Efficient computation - Maple Help

Efficient Computation in the Optimization Package

 This help page provides computation details for the solvers used in the Optimization package.  It includes suggestions to help you achieve the most efficient performance.

Specifying the Optimization Problem

 The Optimization package commands recognize optimization problems specified in three forms: algebraic form, operator form, and Matrix form.  The Optimization/InputForms help page provides a summary of all three forms and links to more information.
 While the algebraic and operator forms are easier to use, the Matrix form is most similar to the internal representation used by the solvers.  Problems entered in algebraic and operator form are automatically converted to Vectors and Matrices.  When Matrix form is used, Vectors and Matrices that do not have appropriate datatype and storage formats are converted to formats with the required properties.  To avoid unnecessary conversions, it is recommended that all Vectors and Matrices be constructed with $\mathrm{datatype}=\mathrm{float}$.  Some commands impose additional requirements on the input data and these requirements are described on the associated help pages.

The Floating-Point Environment

 The Optimization package solvers rely on a built-in library of optimization routines provided by the Numerical Algorithms Group (NAG). This library performs its computation in floating-point.
 The solvers used by the Optimization package will choose either the hardware floating-point environment or the arbitrary-precision software floating-point environment to perform the computations.  To maximize efficiency, the solvers attempt to use hardware floats whenever possible. Software floats are used only when the environment variable UseHardwareFloats is set to 'false', or when UseHardwareFloats is 'deduced' and Digits is greater than the value of $\mathrm{evalhf}\left(\mathrm{Digits}\right)$.

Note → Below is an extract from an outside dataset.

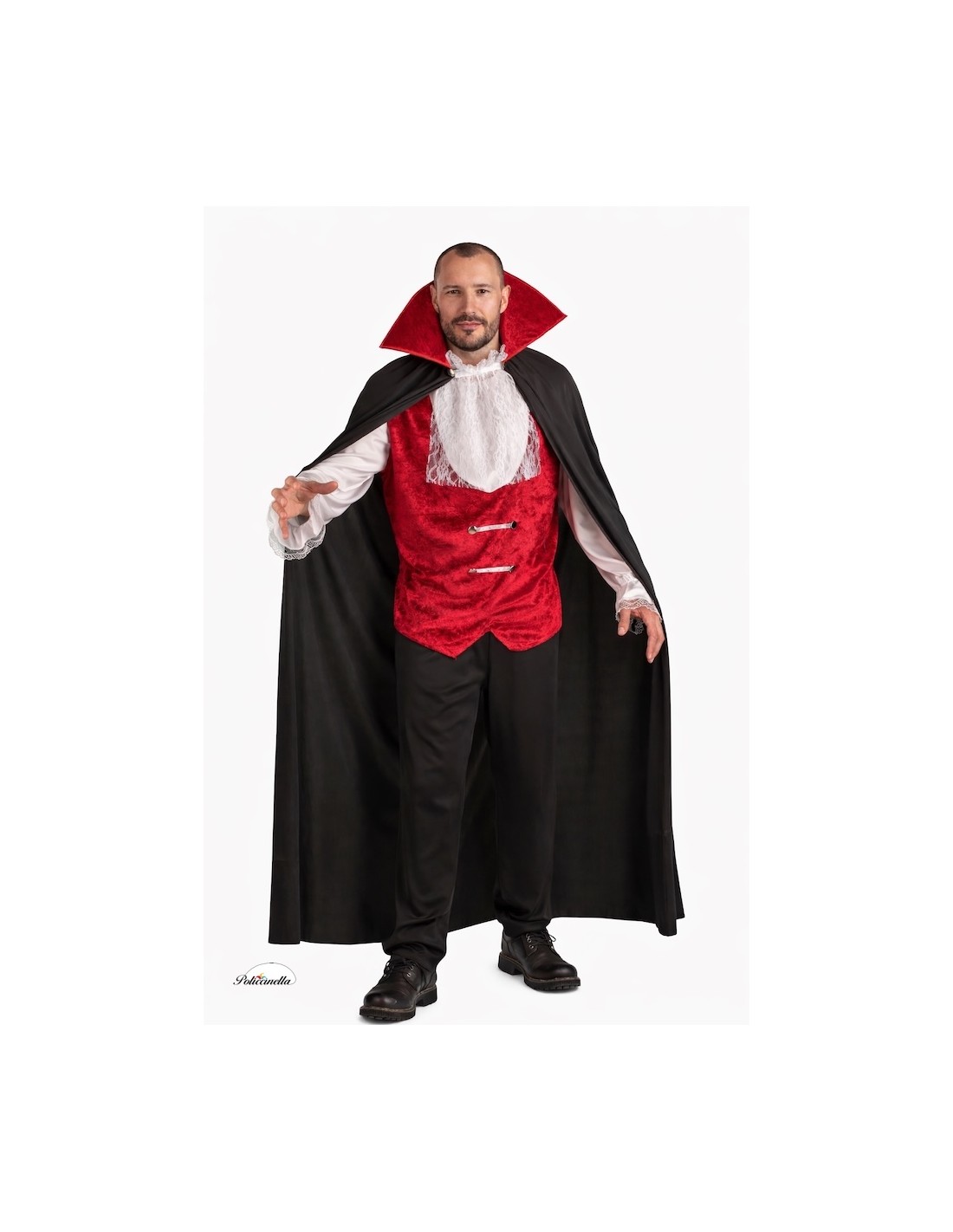 Disfarce distinto de vampiro, elegante e cheio de detalhes. Inclui uma camiseta de malha macia semi-elástica com renda e punhos franzidos, com um colete de veludo bordô integrado, dando a impressão de ser duas peças, decorado com botões e fitas prateadas. Fechamento traseiro com velcro e elástico nas costas para um ajuste perfeito. A camiseta é complementada por um lenço de renda no pescoço. A calça de malha com elástico e bolso interno proporciona conforto. A icônica capa, com gola de veludo estruturado e decorada com botões e fitas prateadas, fecha na frente com velcro. Um conjunto harmonioso e ideal para se destacar em qualquer festa.

Working with the evalhf Command

 Nonlinear objective functions and constraints require additional care to ensure that the hardware floating-point environment can be used. (See the previous section, The Floating-Point Environment.)  These functions are stored internally as procedures in a format similar to that described in the Optimization/MatrixForm help page.  The procedures accept Vector parameters as input and return computed results using Vector or Matrix output parameters.  When nonlinear objective functions and constraints are provided in algebraic or operator form, they are converted to the internal form.
 By default, Maple evaluates the procedure calls using the evalhf command. Procedures that contain any Maple constructs not supported by evalhf are evaluated using the slower evalf command. For more information on evalhf construct support, see the evalhf and evalhf/procedure help pages. To see messages indicating whether evalhf or evalf is being used, set infolevel[Optimization] to 2 or higher.
 Operator form procedures are not evaluated by evalhf. It is recommended that you do not use operator form input unless ease-of-use is more important than efficiency.

Providing Derivatives

 Most of the internal solvers for nonlinear problems work more efficiently when derivatives of the objective function and the constraints are available.  In some cases, a lack of derivative information can cause the solver to not find a solution.  See Optimization/Methods for more information about the methods used by the solvers and the derivative information that is required.
 When the problem is provided in algebraic or operator form, the solvers attempt to automatically compute gradients and Jacobian matrices, using diff for problems in algebraic form or codegen[GRADIENT] and codegen[JACOBIAN] for problems in operator form.
 When the problem is provided in Matrix form, it is not possible for Maple to automatically determine derivative information. It is highly recommended that users provide this information using the available options. (For more information on options, see the Optimization/Options help page.) Using algebraic form with automatically computed derivatives often achieves better performance than Matrix form without derivative information.  However, Matrix form input with derivative information is always the most efficient approach.